Independent lifeboat services in Britain and Ireland began to be established around the coasts towards the end of the 18th century in response to the loss of life at sea. More recently, independent services have been set up in response to the increasing popularity of coastal and river sport and leisure activities.

There are at least 80 (see tables below) and as many as 100 independent lifeboat services operating throughout Britain and Ireland, both on coasts and inland waterways. This means that around a quarter of the UK and Ireland's lifeboat services are non RNLI.

Because the Royal National Lifeboat Institution (RNLI) owns and operates the majority of lifeboat stations (238 in 2018), smaller independent services can be overshadowed when it comes to publicity and fundraising.

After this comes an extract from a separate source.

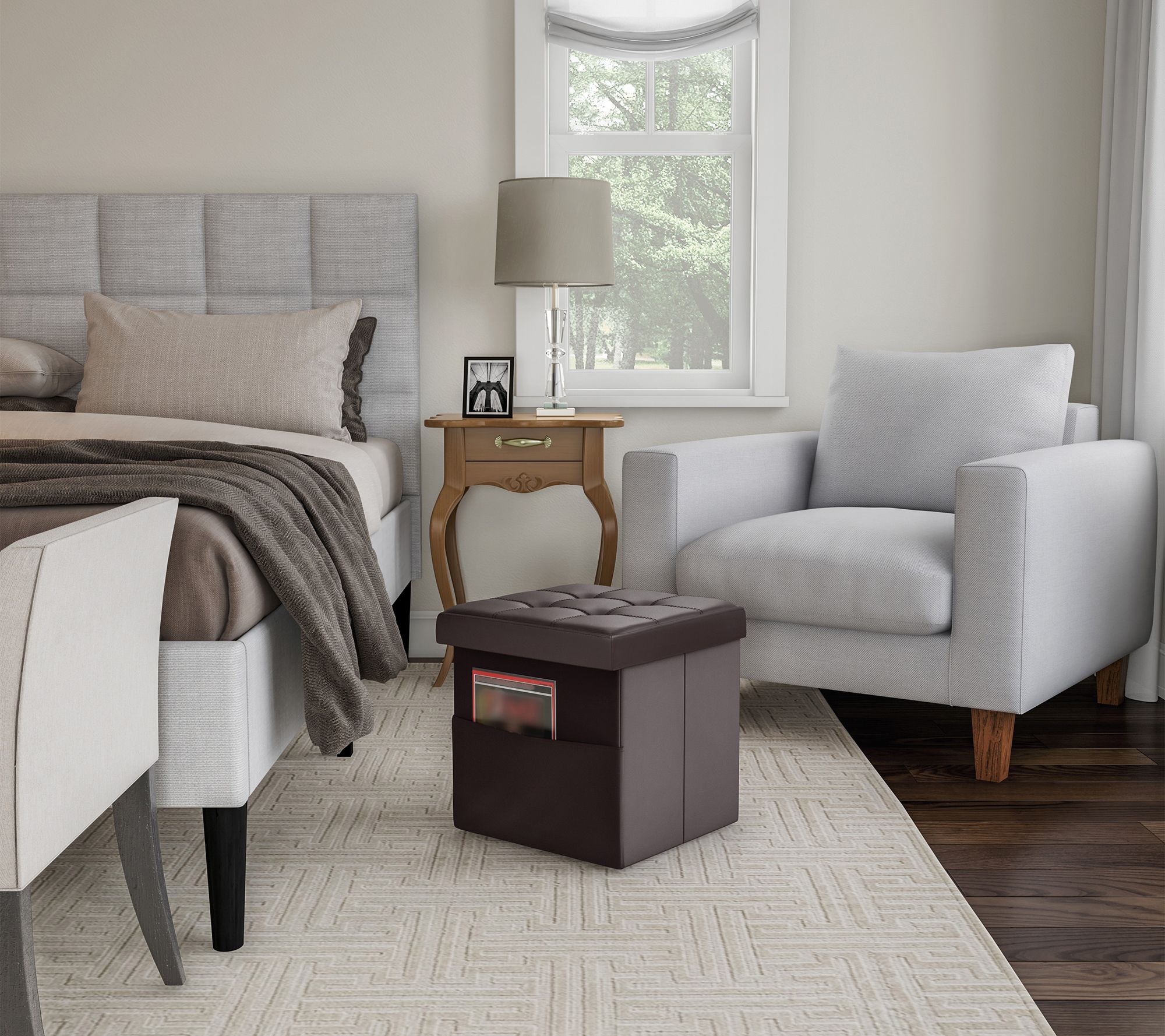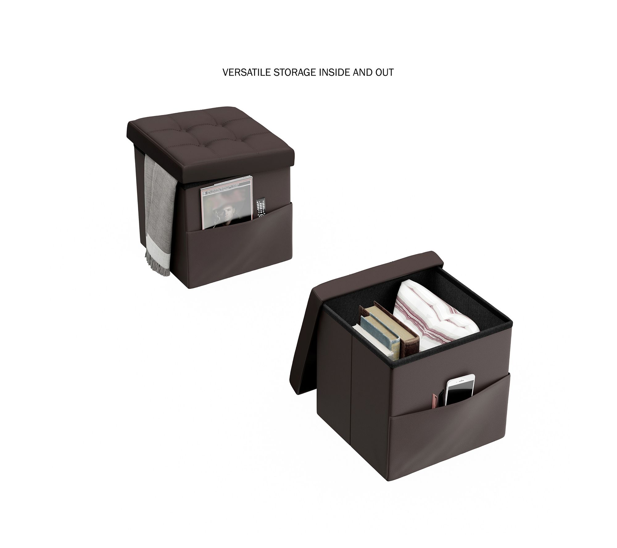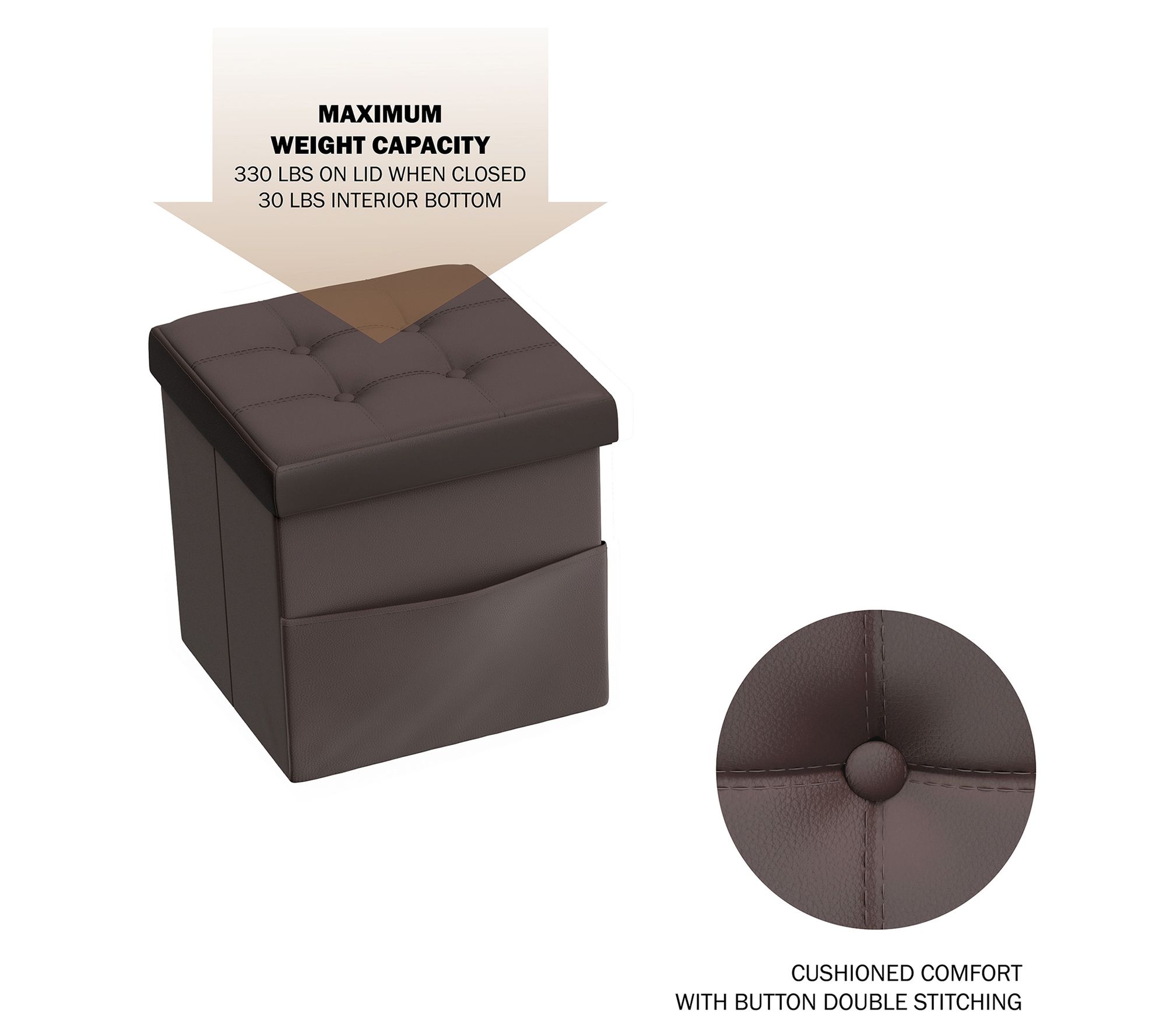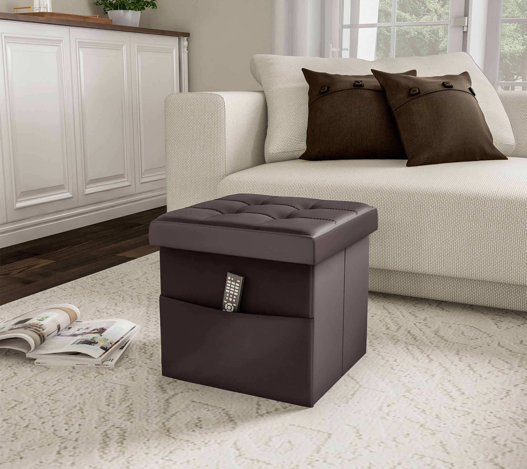 Lavish Home Storage Ottoman w/Folding Tufted Faux Leather

Independent services are usually funded privately and most are registered charities; most operate 24 hours a day, every day of the year. Many currently-independent, RNLI-adopted and lapsed services pre-date the RNLI (founded 1824 as the National Institution for the Preservation of Life from Shipwreck).

History

The first recorded independent lifeboat service was established in 1776 at Formby, 7 miles south of Southport, where there is still an independent lifeboat service (see table). Many early lifeboat stations were taken under the wing of the Royal National Lifeboat Institution after its foundation in 1824 and throughout the 19th and 20th centuries.

Few early stations retained their independence; some were closed by the RNLI many years after takeover, according to the local needs at the time, and of these some were re-established as independent services, sometimes years later. A few 20th century independent services were started up in response to the rapid increase in popularity and affordability of aquatic sport and leisure activities such as swimming, boating, windsurfing, angling and diving.

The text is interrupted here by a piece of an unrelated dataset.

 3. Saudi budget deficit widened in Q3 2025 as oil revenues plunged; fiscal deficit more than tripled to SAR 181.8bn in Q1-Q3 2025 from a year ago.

It has not been established how many independent lifeboat services there are (2014) because there is no umbrella organisation except for some stations in Ireland and the River Severn area (see table below). All, though, are crewed by volunteers and equipped with boats ranging from retired RNLI lifeboats to state-of-the-art boats paid for by fundraising campaigns.

Independent lifeboat services in Britain and Ireland
Independent lifeboat services are spread across England, Wales, Scotland, Northern Ireland and the Republic of Ireland. Some are primarily inland rescue services.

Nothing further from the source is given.